GJ 1289 b

Discovery
- Discovery site: Canada–France–Hawaii Telescope
- Discovery date: 2024

Orbital characteristics
- Orbital period (sidereal): 111.74 days

Physical characteristics
- Mass: 6.27 M_{🜨} 0.020 M_{J}

= GJ 1289 b =

Sub-Neptune exoplanet

GJ 1289 b is a sub-Neptune exoplanet orbiting the red dwarf star GJ 1289, located approximately 8.86 parsecs (≈29 light-years) from the Sun. It was discovered using radial-velocity measurements with the near-infrared spectropolarimeter SPIRou at the Canada–France–Hawaii Telescope over multiple years, revealing a minimum mass of 6.27 ± 1.25 Earth masses and a nearly circular orbit with a period of 111.74 days. The host star, an M4.5V fully convective red dwarf with a mass of 0.21 solar masses, exhibits a strong large-scale dipolar magnetic field of 200–240 G and a rotation period of ~73.7 days, which is distinct from the planet's orbital period.

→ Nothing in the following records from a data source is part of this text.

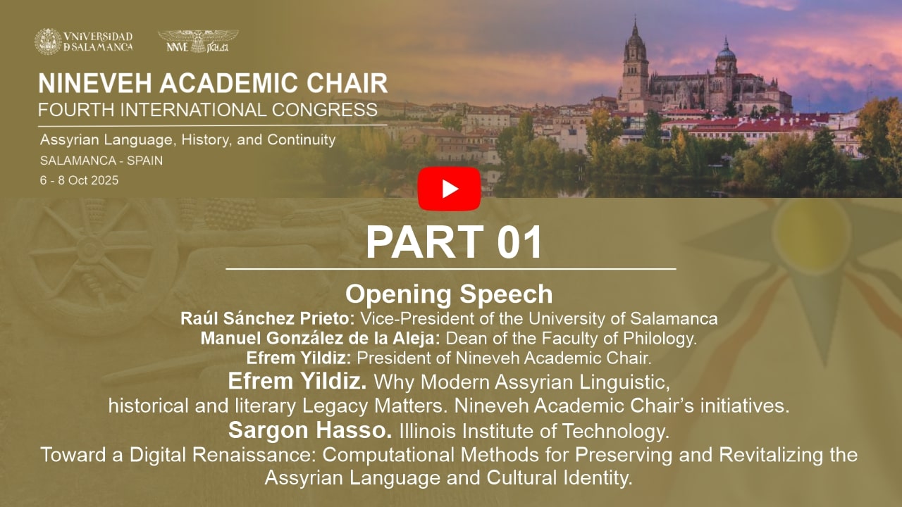 The Fourth International Congress of the Nineveh Academic Chair of the University of Salamanca, to be held will focus on Assyrian language, history, and continuity.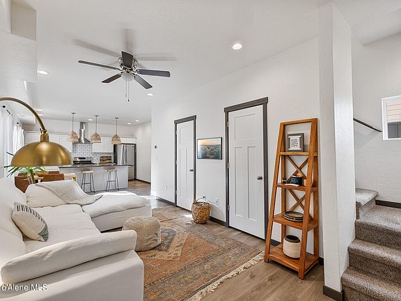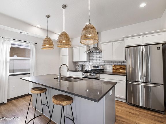 Over 1400 square feet in this Modern and almost new Home with 3 Bedrooms and 2.5 Bathrooms, and nice upgrades throughout. It is a must see! Open floor plan with beautiful lighting from living room to kitchen space. Kitchen includes quartz countertops, an island, breakfast-bar, pantry, refrigerator, microwave, gas range/oven and dishwasher. Master-suite exhibits a bathroom with double vanity, walk-in closet and office nook. Exterior includes paved parking, attached garage, fully fenced backyard and open back patio with outlet for ambient lighting such as Christmas lights and plumbed for gas. Just minutes from downtown Coeur d'Alene.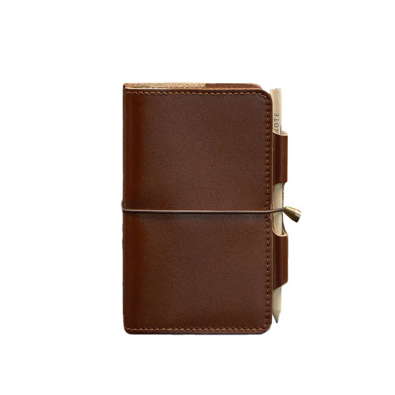 Этот блокнот исполнен в интересном форм-факторе: не классический книжный переплет, а так называемый "софт-бук", т.е. прикрепленные к цельному куску кожи несколько тетрадей. В качестве обложки - натуральная кожа коричневого цвета. Внутри - классический блокнот, разделенный на три съемные тетради. Тетради крепятся внутри обложки при помощи резинки и при необходимости с легкостью заменяются на новые.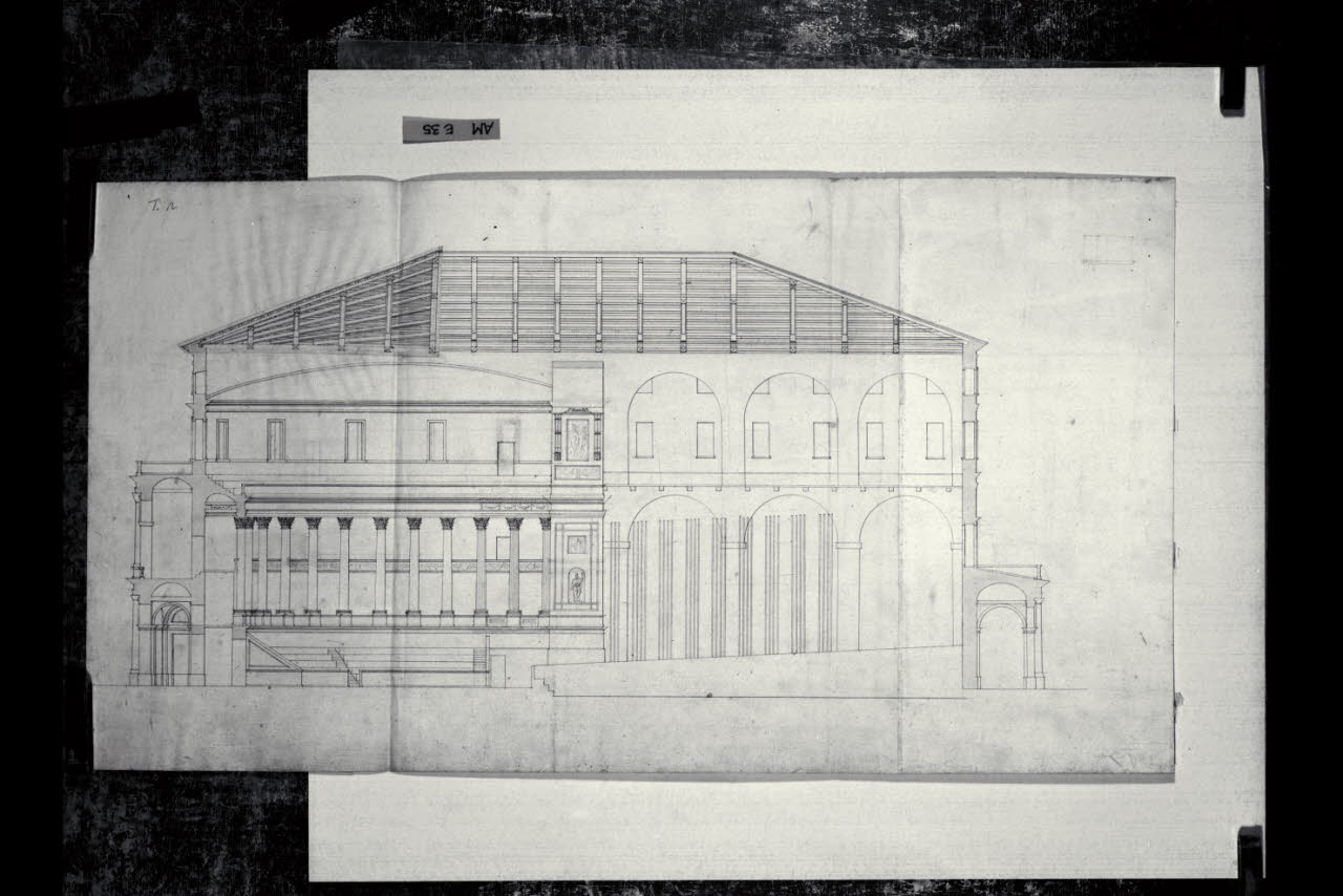 Sezione longitudinale di un teatro diurno e notturno. Sezione longitudinale di un teatro diurno e notturno

The planet's orbital distance places it beyond the conventional habitable zone of its cool, low-luminosity host, though it may still have a temperate atmosphere, making it a target for further study. Its discovery is notable for demonstrating the detection of planets around fully convective M dwarfs, whose magnetic activity differs significantly from that of partly convective stars, and for showing that low-amplitude radial-velocity signals can be reliably extracted even in the presence of strong stellar magnetic fields.